Loss Not Decreasing After 10K Steps

Question

Loss Not Decreasing After 10K Steps

Opened this issue 3 months ago · 0 comments

After reading the ControlNet paper and documentation the architecture seemed suitable to generate ultrasound images for a given tumor mask.
As an starting point a dataset consisting of ~750 images with tumor segmentations as conditioning is used for training.

Training is performed with a batch size of 24 at 512x512 on a H100, taking ~2s per step.
An epoch is just 32 steps and overfitting is therefore expected after 10K steps, which equals to 600 epochs.

The Stable Diffusion backbone is frozen and only the newly added control_model is trained.
Input normalization is also validated, images are in range [-1,1] and the segmentation masks are normalized to [0,1]

Here is an example epoch 1 and 9, the train/loss_epoch is basically the same.

Epoch 1: 1/1000 [00:21<5:57:00, 21.44s/it, loss=0.166, v_num=1.41e+7, train/loss_simple_step=0.180, train/loss_step=0.180, lr_step=1e-5, global_step=1e+3, train/loss_simple_epoch=0.168, train/loss_epoch=0.168, lr_epoch=1e-5]

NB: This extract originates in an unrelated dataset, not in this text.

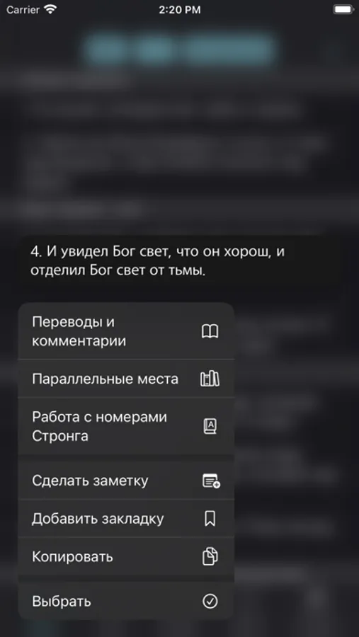 . Возможность выбрать сразу несколько стихов и скопировать. Для этого следует выбрать стих долгим нажатием и нажать на пункт "Выбрать", после чего выбрать другие необходимые стихи.

Epoch 10: 1/1000 [00:21<6:00:32, 21.65s/it, loss=0.176, v_num=1.41e+7, train/loss_simple_step=0.189, train/loss_step=0.189, lr_step=1e-5, global_step=1e+4, train/loss_simple_epoch=0.166, train/loss_epoch=0.166, lr_epoch=1e-5]

As a sanity check I gave a house as a prompt with a zero mask and a high quality image of a house was generated, verifying the ControlNet model correctly adopted the pretrained Stable Diffusion model.

What could be the reason for the loss to not become lower, even when forcefully trying to overfit on a small dataset?

Any starting points would be helpful!